Notably, the obtained results for the total cancer risk index are lower than the threshold limit of 1 × 10⁻⁴ in all cases (i.e., 9.3 × 10⁻¹⁴, 1.4 × 10⁻¹³, 1.4 × 10⁻¹³, and 1.7 × 10⁻¹³ for the sampling points ID1, ID2, ID3, and ID4, respectively, for children, and 5.4 × 10⁻¹⁵, 7.9 × 10⁻¹⁵, 8.4 × 10⁻¹⁵, and 1 × 10⁻¹⁴ for the sampling points ID1, ID2, ID3, and ID4, respectively, for adults) [38]. Given the above, the carcinogenic risk caused by Cd, Ni, and Pb in the PM10 samples can be considered to be negligible. Finally, similar to HI values, the total cancer risk index for children is higher than that for adults.

4. Conclusions

This paper reported the quantitative analysis results of heavy metals content in airborne particulate matter (PM) with a diameter lower than 10 µm (PM10) for four selected sampling sites covering the entire Calabria region, southern Italy. Obtained results show the following: (i) the annual average concentration of the investigated heavy metals in the PM10 samples decreases in the order Ni > Pb > Cd and (ii) concentration values are lower than the limit values reported in the Italian legislation in all cases, thus excluding the presence of Cd, Ni, and Pb as pollutants in the analyzed samples.

Moreover, the health risk was assessed through the calculation of the hazard index and the calculation of the total cancer risk index, for potential non-carcinogenic and carcinogenic risks, respectively, and, notably, both indices were lower than the safety limits, thus indicating negligible health risks.
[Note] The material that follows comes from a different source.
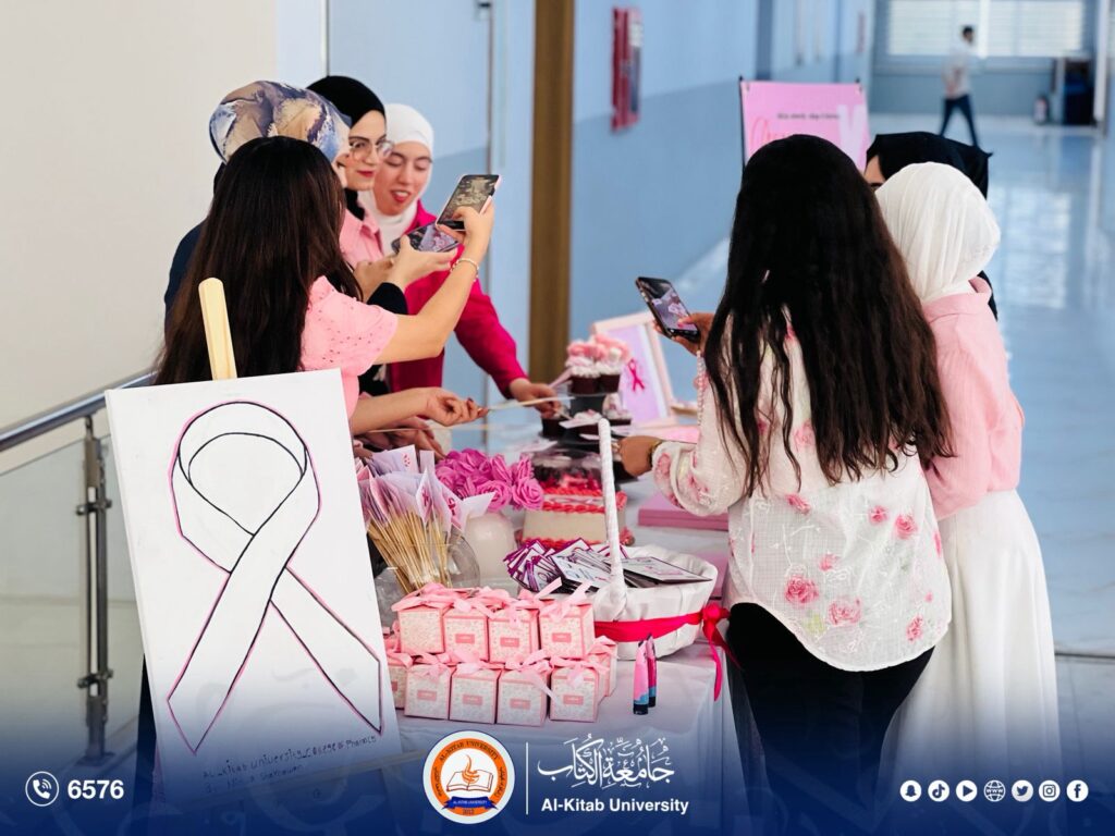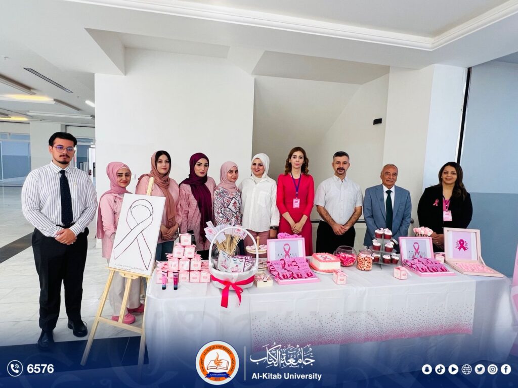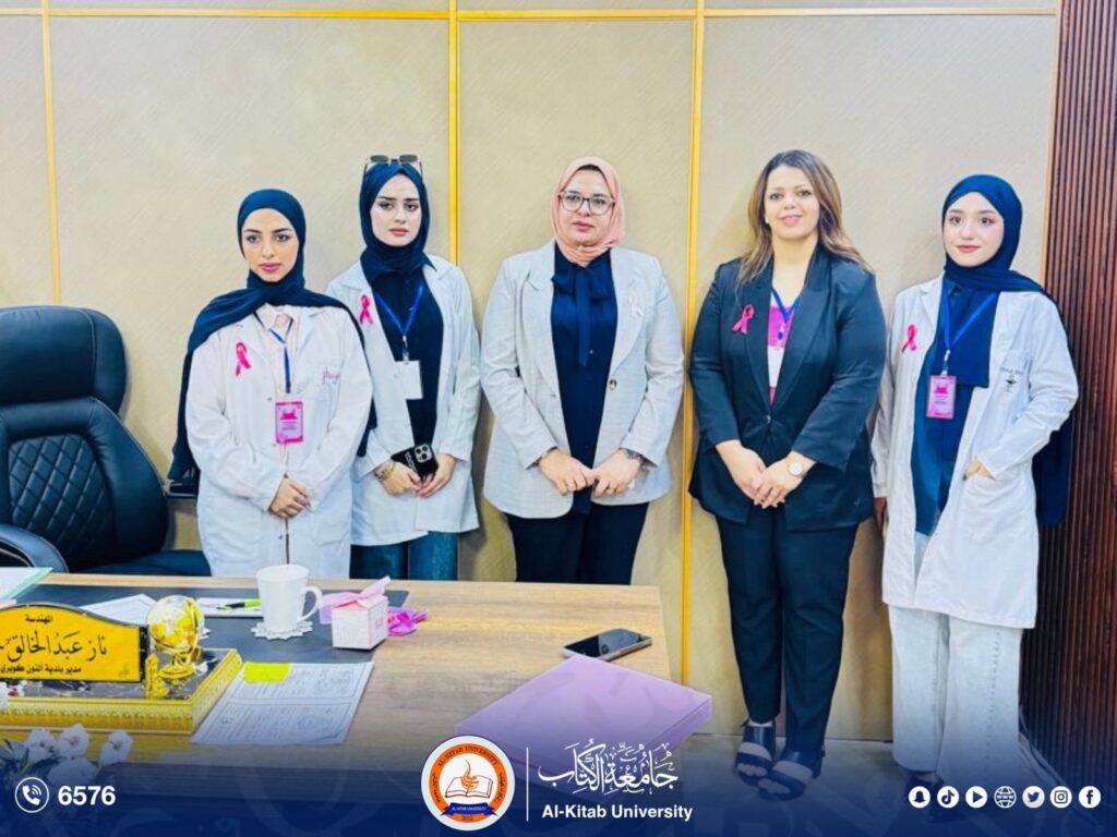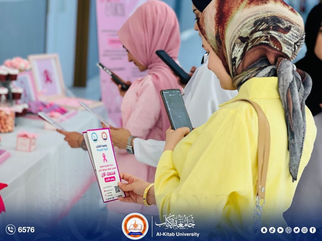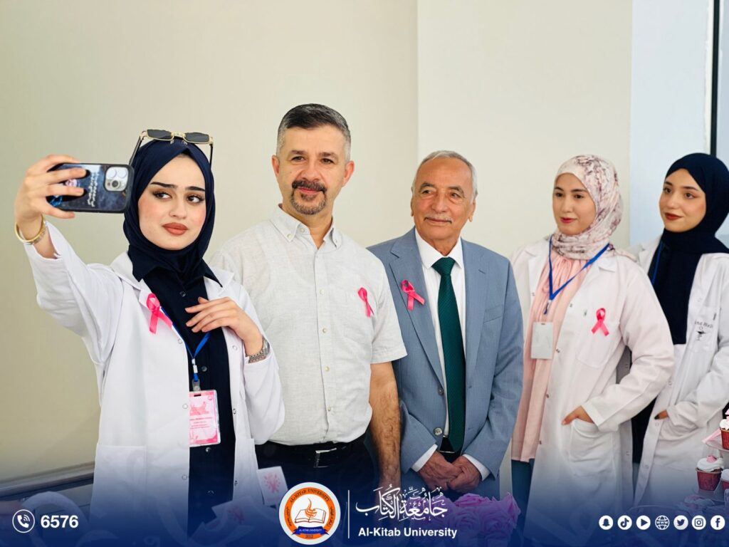 The College of Pharmacy at Al-Kitab University organized an awareness campaign on the importance of early detection of breast cancer, as part of its societal responsibility to spread health awareness and encourage women to prioritize regular check-ups.

Finally, this study had some limitations associated with the limited number of sampling points and tested heavy metals. Therefore, the following will be conducted in the near future: (i) an increase in the number of sampling sites in order to have a denser network more representative of the entire region and (ii) the inclusion of a larger number of metals, based on specific identified sources in the area under study, together with an attempt to relate the carcinogenic potential of the most significant concentrations of heavy metals to the population exposed, after determining the extent of pollution from the investigated metals.